In the general collection of tweets, I found that 10.23% of tweets contained at least one emoji. So there isn’t an overwhelming number of tweets which contain an emoji, but 10% of Twitter content is a significant portion. The ‘Emoji Selection’ graph shows the percentage of tweets containing that particular emoji out of the tweets that HAD an emoji in it. The most popular emoji by and far was the ‘tears of joy’ emoji followed by the ‘loudly crying’ emoji . Heart-related emoji [the ones I thought would prove most popular] was third and fourth.
Since I only collected these over the course of a day and not over several weeks or months, I would be hesitant to think these results would hold up over time. An event or seasonality can trigger a cascade of people using a certain emoji. For example, the Christmas tree emoji was popular being present in 2.16% of tweets that included emojis; this would be expected to get larger as we get closer to Christmas and smaller after Christmas. Another interesting find is that the emoji ranks high. My pure conjecture is that this emoji’s high use rate is due to protests in Ferguson and around the country. To confirm this I would need a sample of tweets from before the grand jury announcement or track the use as time passes.
Further analysis could utilize emoji groups or clusters. Emojis with similar meanings would not necessarily produce a high number if people spread their selection over 5 emoji instead of one.
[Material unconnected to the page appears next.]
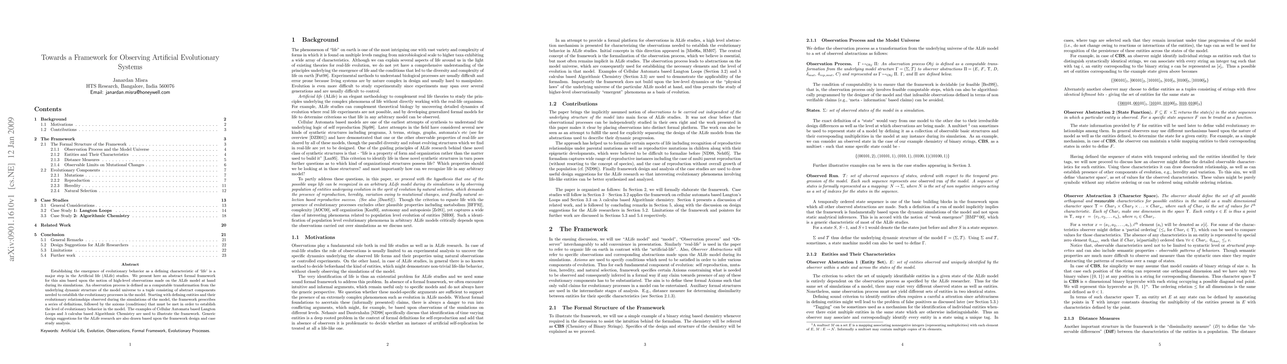 Establishing the emergence of evolutionary behavior as a defining characteristic of 'life' is a major step in the Artificial life (ALife) studies. We present here an abstract formal framework for this aim based upon the notion of high-level observations made on the ALife model at hand during its simulations. An observation process is defined as a computable transformation from the underlying dynamic structure of the model universe to a tuple consisting of abstract components needed to establish the evolutionary processes in the model. Starting with defining entities and their evolutionary relationships observed during the simulations of the model, the framework prescribes a series of definitions, followed by the axioms (conditions) that must be met in order to establish the level of evolutionary behavior in the model. The examples of Cellular Automata based Langton Loops and Lambda calculus based Algorithmic Chemistry are used to illustrate the framework. Generic design suggestions for the ALife research are also drawn based upon the framework design and case study analysis.

I plan to update this and expand on this as time passes and I’m able to collect more data.
In order to avoid any conflicts with ASCII conversions that some Python or R packages do on Twitter data, I stored tweets from the Twitter Streaming API directly into a MongoDB database, which encodes strings in UTF-8. Since tweets come from the API as a JSON object, they can be naturally stored in the document-orientated database with each metadata field in the tweet being accessible without parsing the entire tweet into a data frame or SQL database. Retweets were removed by finding any tweets with ‘RT’ in the first two characters of the text entry. This is how Twitter represents automatic retweets in JSON format.
Also since I collected 103,416 tweets the margin of error for any of the proportions given are well below 1%. Events within the social network would definitely outweigh any margin of error.